Content starts

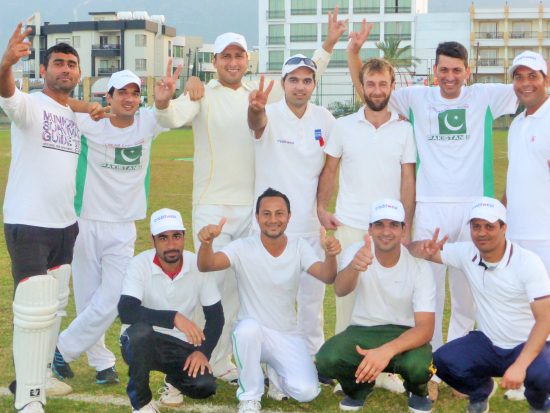 Following a delayed start due to an overrunning football match, the cricket was reduced to 18 over/side and finally got under way at 1.30pm. TRNC again won the toss and put Nicosia into bat. The North’s outstanding opening bowlers Jan Wali Khan and Sajjad Kamal soon reduced them to 33 for 4. However, like the previous week, the visitor’s middle order of Bob Randall 25 and Dan Brown 37 swung the match away from the TRNC bringing their total to 104 for 4 with 6 overs remaining. Scorer Ian Fell said he thought a formidable total of around 165 was on the cards. Then the turnaround began, the big safe hands of Sajjad Kamal catching off Rehmat and another skied catch by Arabshah this time with Sajjad’s bowling, saw both batsmen return to the pavilion. The game’s fortunes quickly swung again with wickets quickly falling and only one further batsman managing to trouble the scorers. With one ball of the innings remaining, Jawad did the basics right, bowling straight and full taking the last wicket for a very gettable total of 109 and importantly only earning the visitors 3 batting league bonus points. The inning’s highlights being Janwali Khan taking out the top order with 4 for 19 and Tad Haigh’s acrobatics behind the stumps on a particularly difficult wicket to keep on.
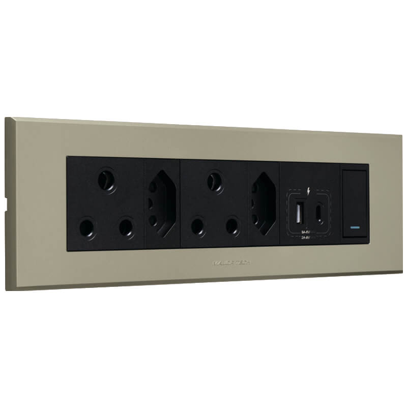 All of Veti combination sockets have been tested and approved to the required standards. The letter of authorities can be downloaded from the website for the individual components for checking. The omni cluster combinations are available in 5 different colour options in order to give the customer a wide variety of colours to suit any installation. Each combination has been carefully selected based on customer preferences but due to the wide array of modules there are many options which are not covered and can be designed by the user according to their specific preferences. All switches and sockets are IEC / SANS approved.
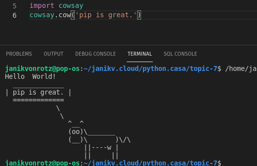 cowsay.cow('pip is great.')Und führen Sie das Programm aus.
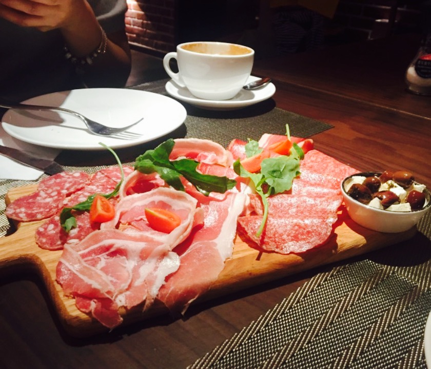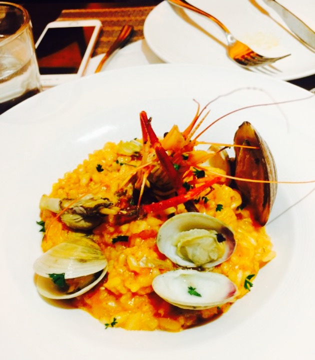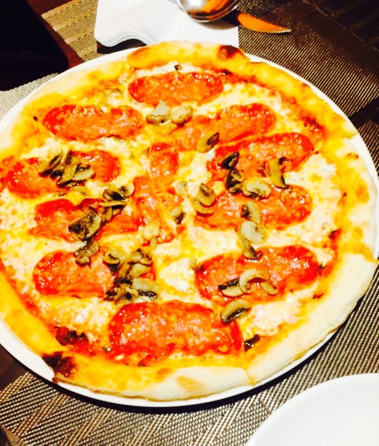 朋友带我们的来这家意大利餐厅 。位置,我们从王家湾过来的,直接坐的地铁3号线,东风公司站下E1出口。一出来就可以看到餐厅啦。环境,一进大门就可以看到一个烤披萨的炉子,有个歪果仁大厨在烤披萨。整间餐厅装修环境雅致,我们坐的是二楼包厢。口味,上的第一道菜是地中海风味拼盘,食品是冷的配着面包吃,味道很好。接着是虎虾沙拉,虾的味道特别好,沙拉的酱料也是我喜欢的。小吃点的是炸薯角,蘸番茄酱。主食点了一份千层面一份烩饭一份鳕鱼一份羊排三个披萨,我本人比较喜欢鳕鱼和羊排,鳕鱼和羊排都很嫩,味道十分好。还点了一份什锦扒时蔬,烤的茄子和笋瓜。甜点点了提拉米苏和熔岩巧克力蛋糕,我吃的熔岩巧克力蛋糕,都是现烤的,吃的时候蛋糕还是热的,口感特别棒。总体来说味道都不错,十分开心的一次就餐感受。
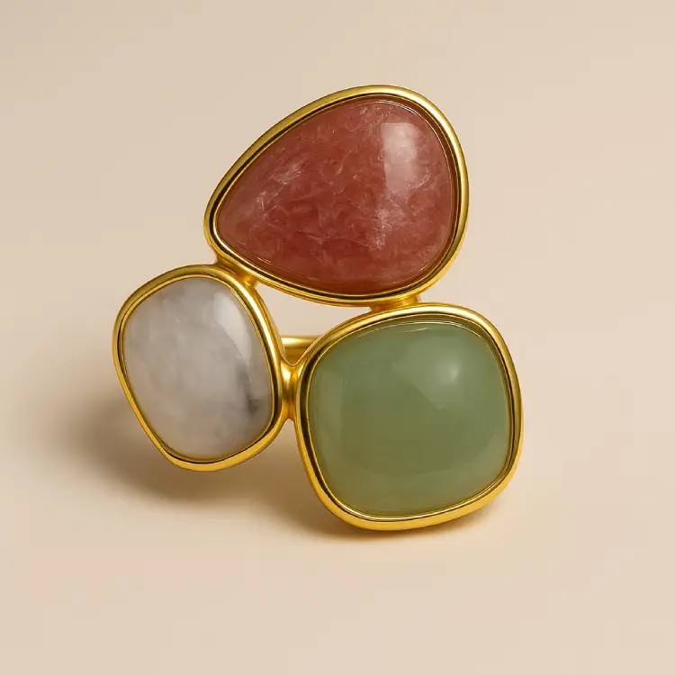 Aria : Bague Ouverte en Acier avec Trois Pierres Naturelles
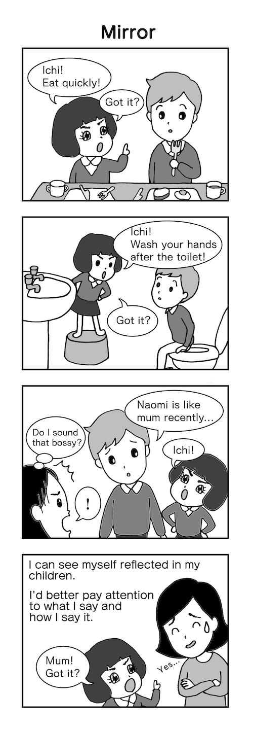 Children are like mirrors. They reflect what they see and what they hear. After hearing Naomi speaking to Ichi in a commanding tone, I felt embarrassed with myself. I’d better watch out what I say and how I say it!
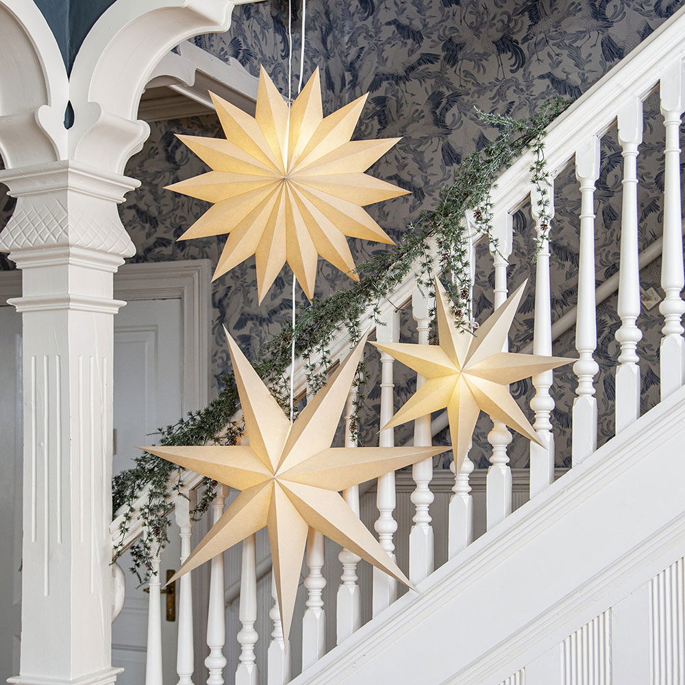 Denna beige adventsstjärna i FSC®-märkt papper skapar lugn och balans i julens glittriga myller. Placera den hängande.
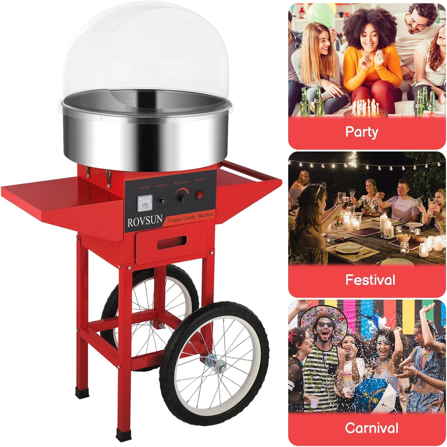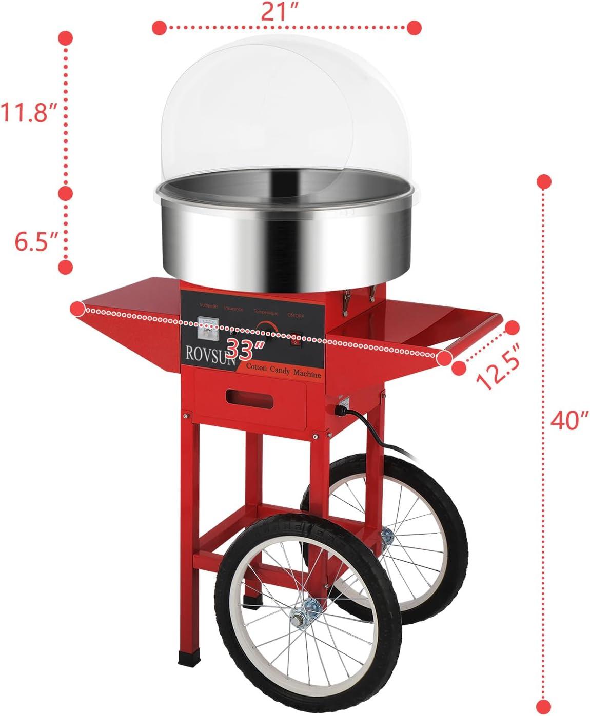 imageROVSUN 21 Inch Cotton Candy Machine Cart Electric Cotton Candy Maker Candy Floss Machine wCover Stainless Steel Bowl Sugar Scoop and Large Storage Drawer for Commercial Home Party Carnival PinkRedwithout Cover

Content ends

- WORK TO COMPLETE
The lines to copy run from the line containing "All of Veti" through the end of the data above; copy exactly those, minus the pictures.

- EXERCISE OUTPUT
 All of Veti combination sockets have been tested and approved to the required standards. The letter of authorities can be downloaded from the website for the individual components for checking. The omni cluster combinations are available in 5 different colour options in order to give the customer a wide variety of colours to suit any installation. Each combination has been carefully selected based on customer preferences but due to the wide array of modules there are many options which are not covered and can be designed by the user according to their specific preferences. All switches and sockets are IEC / SANS approved.
 cowsay.cow('pip is great.')Und führen Sie das Programm aus.
 朋友带我们的来这家意大利餐厅 。位置,我们从王家湾过来的,直接坐的地铁3号线,东风公司站下E1出口。一出来就可以看到餐厅啦。环境,一进大门就可以看到一个烤披萨的炉子,有个歪果仁大厨在烤披萨。整间餐厅装修环境雅致,我们坐的是二楼包厢。口味,上的第一道菜是地中海风味拼盘,食品是冷的配着面包吃,味道很好。接着是虎虾沙拉,虾的味道特别好,沙拉的酱料也是我喜欢的。小吃点的是炸薯角,蘸番茄酱。主食点了一份千层面一份烩饭一份鳕鱼一份羊排三个披萨,我本人比较喜欢鳕鱼和羊排,鳕鱼和羊排都很嫩,味道十分好。还点了一份什锦扒时蔬,烤的茄子和笋瓜。甜点点了提拉米苏和熔岩巧克力蛋糕,我吃的熔岩巧克力蛋糕,都是现烤的,吃的时候蛋糕还是热的,口感特别棒。总体来说味道都不错,十分开心的一次就餐感受。
 Aria : Bague Ouverte en Acier avec Trois Pierres Naturelles
 Children are like mirrors. They reflect what they see and what they hear. After hearing Naomi speaking to Ichi in a commanding tone, I felt embarrassed with myself. I’d better watch out what I say and how I say it!
 Denna beige adventsstjärna i FSC®-märkt papper skapar lugn och balans i julens glittriga myller. Placera den hängande.
 imageROVSUN 21 Inch Cotton Candy Machine Cart Electric Cotton Candy Maker Candy Floss Machine wCover Stainless Steel Bowl Sugar Scoop and Large Storage Drawer for Commercial Home Party Carnival PinkRedwithout Cover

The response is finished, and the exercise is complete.